In the records below, find the line with "Confié à Nathalie" and the line with "Ecovegetal propose une"; return exactly those lines and every line between them.
START Source records
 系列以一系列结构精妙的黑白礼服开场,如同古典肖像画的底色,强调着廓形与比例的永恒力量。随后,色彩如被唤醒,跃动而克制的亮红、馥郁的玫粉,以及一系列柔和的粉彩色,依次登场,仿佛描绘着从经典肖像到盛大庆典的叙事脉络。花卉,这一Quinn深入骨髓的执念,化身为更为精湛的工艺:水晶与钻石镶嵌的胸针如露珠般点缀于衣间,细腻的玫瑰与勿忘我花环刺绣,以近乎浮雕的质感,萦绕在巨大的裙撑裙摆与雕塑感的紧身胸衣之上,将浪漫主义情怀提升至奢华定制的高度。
END Source records
START Source records
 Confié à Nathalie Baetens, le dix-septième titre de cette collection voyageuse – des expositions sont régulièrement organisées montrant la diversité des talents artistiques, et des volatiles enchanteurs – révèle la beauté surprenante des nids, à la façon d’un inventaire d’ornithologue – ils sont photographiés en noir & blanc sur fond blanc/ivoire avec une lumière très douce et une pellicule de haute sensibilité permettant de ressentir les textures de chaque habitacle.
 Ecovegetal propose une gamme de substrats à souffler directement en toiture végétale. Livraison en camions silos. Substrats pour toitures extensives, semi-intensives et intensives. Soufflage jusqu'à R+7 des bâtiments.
END Source records
** Task solution **
 Confié à Nathalie Baetens, le dix-septième titre de cette collection voyageuse – des expositions sont régulièrement organisées montrant la diversité des talents artistiques, et des volatiles enchanteurs – révèle la beauté surprenante des nids, à la façon d’un inventaire d’ornithologue – ils sont photographiés en noir & blanc sur fond blanc/ivoire avec une lumière très douce et une pellicule de haute sensibilité permettant de ressentir les textures de chaque habitacle.
 Ecovegetal propose une gamme de substrats à souffler directement en toiture végétale. Livraison en camions silos. Substrats pour toitures extensives, semi-intensives et intensives. Soufflage jusqu'à R+7 des bâtiments.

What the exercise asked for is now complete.